= Dahuku Péré =

Togolese politician (1953–2021)

Maurice Dahuku Péré (1953 – April 9, 2021) was a Togolese politician who was President of the National Assembly of Togo from 1994 to 1999. He was the national president of the Democratic Alliance for the Fatherland (the Alliance), an opposition party.

Péré was born in Bohou in Kozah Prefecture. After earning his degree, he was a teacher and then a school headmaster. In the mid-1980s, he studied school administration in Canada; he also studied English there and speaks the language fluently.

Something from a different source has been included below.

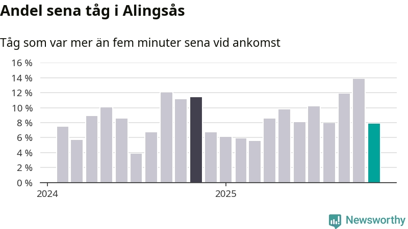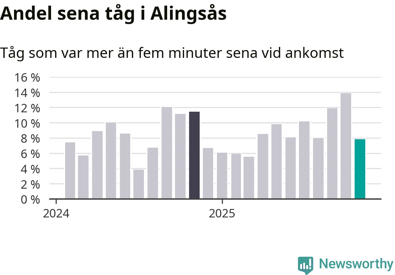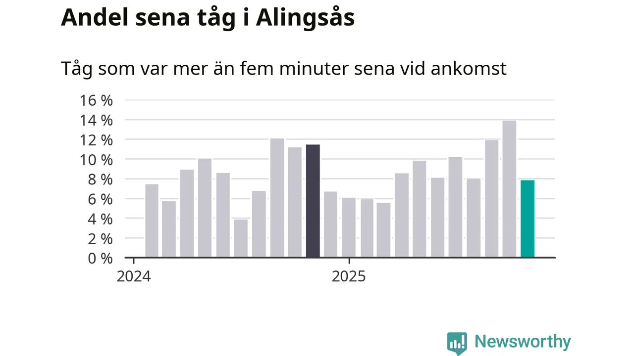 Åtta procent kan jämföras med 14 procent månaden innan, och elva procent i november 2024. Siffrorna bygger på realtidsinformation om tågavgångar och ankomster från Trafikverket, som Newsworthy löpande samlar in.

He subsequently served as secretary-general of the Ministry of National Education from 1986 to 1990 and became head of the National Movement of Youth, the youth wing of the ruling Rally of the Togolese People (RPT), in 1987. He served in the government as Minister of Labor and the Civil Service from 1990 to 1991, and he was Deputy Secretary-General of the RPT from 1991 to 1994.

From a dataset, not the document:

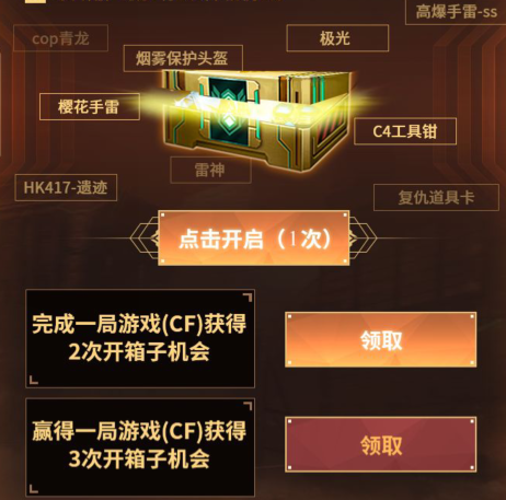 完成一局游戏(CF)获得2次开箱子机会

In the February 1994 parliamentary election, Péré was elected to the National Assembly from the third constituency of Kozah. He was then elected as the President of the National Assembly on June 23, 1994, receiving a majority of 42 votes, while 36 deputies abstained from the vote. He served as President of the National Assembly until 1999, and he was re-elected to the National Assembly in the March 1999 parliamentary election as the RPT candidate in the Second Constituency of Kozah Prefecture; he was the only candidate and received 100% of the vote. In November 2000, he was given the prestigious title of Commander of the Order of Mono.

On March 24, 2002, Péré, who was a member of the Political Bureau of the RPT, sent a letter to President Gnassingbé Eyadéma and the members of the RPT Central Committee in which he called for reforms in the party, saying that it was failing to achieve national reconciliation and economic development and that it was internally intolerant of criticism. Consequently, the RPT Central Committee voted unanimously on August 6, 2002 to expel Péré from the party, along with former Prime Minister Agbéyomé Kodjo, for high treason; he was also expelled from the Order of Mono on August 2.

Prior to his call for reform, Péré had been elected by the National Assembly as a member of the regional ECOWAS Parliament. At the ECOWAS Parliament, he was Chairman of the Committee on Law Regulations, Legal and Judicial Affairs, Human Rights and Free Movement of Persons. On August 27, 2002, the National Assembly voted to replace Péré with Solitoki Esso in the ECOWAS Parliament, with 62 votes in favor of his replacement and none opposed; Péré was the only deputy to abstain from the vote. However, the ECOWAS Parliament objected to the National Assembly's move, saying that there was no valid basis for Péré's unilateral replacement.

On October 5, 2002, Péré signed a joint statement with opposition parties on behalf of "reformers of the RPT". The RPT objected to this on the grounds that Péré had been expelled from the party and no longer had the right to use the party's name, promptly taking the matter to court and obtaining a ruling on October 10 that banned Péré from using the party's name or claiming to represent any group within the party. Péré's defense argued that he had never received a written notification of his expulsion from the RPT, as required by the RPT's constitution.

Péré announced on April 29, 2003 that he would run in the presidential election on June 1, 2003, as the candidate of the Socialist Pact for Renewal (PSR). In the election, he won 2.20% of the vote according to final official results, placing fourth; on June 2, the day after the election, he accused Eyadéma of ballot stuffing and claimed to have actually won 37.7% of the vote. In September 2005, he founded a new opposition party, the Democratic Alliance for the Fatherland (the Alliance), together with Agbéyomé Kodjo. Péré is the party's National President.

Péré was the first candidate on the Alliance's candidate list for Kozah constituency in the October 2007 parliamentary election, but the Alliance failed to win any seats in the election.

At the time of the March 2010 presidential election, Péré chose to support the main opposition candidate, Jean-Pierre Fabre of the Union of the Forces of Change (UFC), and the Alliance joined the Republican Front for the Alternance and Change (FRAC), a coalition backing Fabre. Some party members objected to Péré's decision, preferring to support President Faure Gnassingbe.